Power failures can, indeed, do nasty things to SD/MMC cards, especially
power rail sag in the middle of writes.

-hpa

2008-12-02 16:56:22

by Theodore Ts'o

[permalink] [raw]
Subject: Re: SD/MMC cards: how crappy they are?

On Tue, Dec 02, 2008 at 08:30:29AM -0800, H. Peter Anvin wrote:
> > ...maybe it was because of powerfail? I'll try to run badblocks to
> > recover it...
> >
> > ...I did. Badblocks did not help, but cat /dev/zero > /dev/mmc1
> > did.. And yes, thosse 'temporarily bad blocks' seem very much
> > powerfail related.
> >
>
> Power failures can, indeed, do nasty things to SD/MMC cards, especially
> power rail sag in the middle of writes.

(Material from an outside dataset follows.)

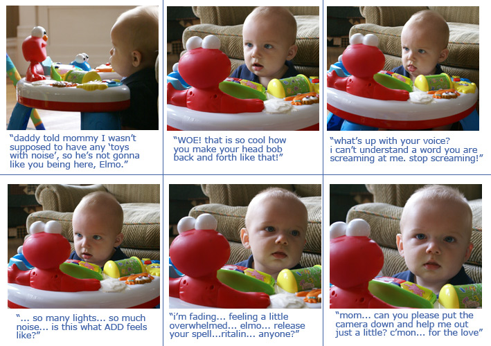 The boy loves to bounce. We really do need some taller door frames, though, because he's about to bounce down to his knees. |

If this is your random eject out from your HP laptop problem, note
that random ejects while the card is writing can cause corruption of
the flash translation layer (FTL), which for some really crappy cards,
can permanently damage them; hopefully most of those are gone from the
market, but I wouldn't be positive about that. The better ones will
have some kind of journalling scheme for their FTL...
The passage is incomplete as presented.